The Scandinavian country is the latest entity to run scared from oil-dependent firms.

The Oslo-based Government Pension Fund Global announced on Wednesday that it will remove upstream oil and gas companies from its $1 trillion portfolio. The loss of $5.5 billion in equity follows a June proposal from the Ministry of Finance to move away from financial instruments associated with volatile oil prices.

Since 2018, a rash of entities have ducked for cover from risky energy firms that identify, extract or produce raw materials from deposits, drill wells or underground. Last week, ExxonMobil sold its upstream operations in Norway for $4.5 billion. In August, BP divested $5.6 billion of its upstream assets in Alaska. In July, French multinational oil and gas operator and supplier Total divested about $5 billion of several non-core upstream assets to Petrogas, the energy exploration and production subsidy of Oman-based MB Holding. Four months earlier, Houston-based Wishbone Energy divested $300 million in Texas- and Mexico-based upstream assets.
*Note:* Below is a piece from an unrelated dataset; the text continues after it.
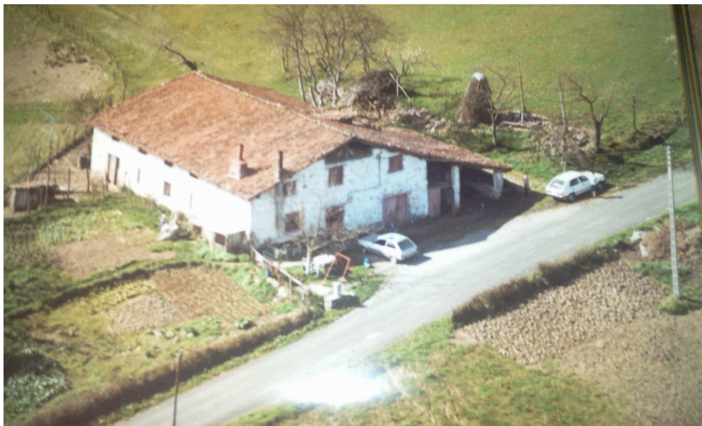
Igartuerdi baserria berri aurretik.

Exploration and production companies accounted for .8 percent of the Norway fund’s portfolio in August. The FTSE Global All Cap fund, an equity benchmark index, recently reclassified upstream energy companies, a process that will be complete in September 2020.

In a September 11 letter to the Ministry of Finance, Oystein Olsen, governor of Norway’s central bank, and Yngve Slyngstad, CEO of Norges Bank IM, which manages the fund, wrote that, “It is reasonable to assume that the market will know which stocks the the bank will be selling as aprt of this phase-out.”

Norway’s central bank recommended the move in November 2017, but the Ministry of Finance floated the proposal in March. A few months later, the fund pledged to invest in wind, solar and other renewable energy projects, both listed and unlisted.

Oil is on a downward trend. Since October of 2018, crude oil prices have fallen about 45% from 9.09 to 4.16.

The list of institutions that are steering clear from fossil fuel investments in general is growing. Last year, Ireland became the first country to divest its public fund from fossil fuels, with Royal Dutch Shell divesting $1.3 billion of its upstream oil and gas interests there. The World Bank has stopped funding new oil and gas developments.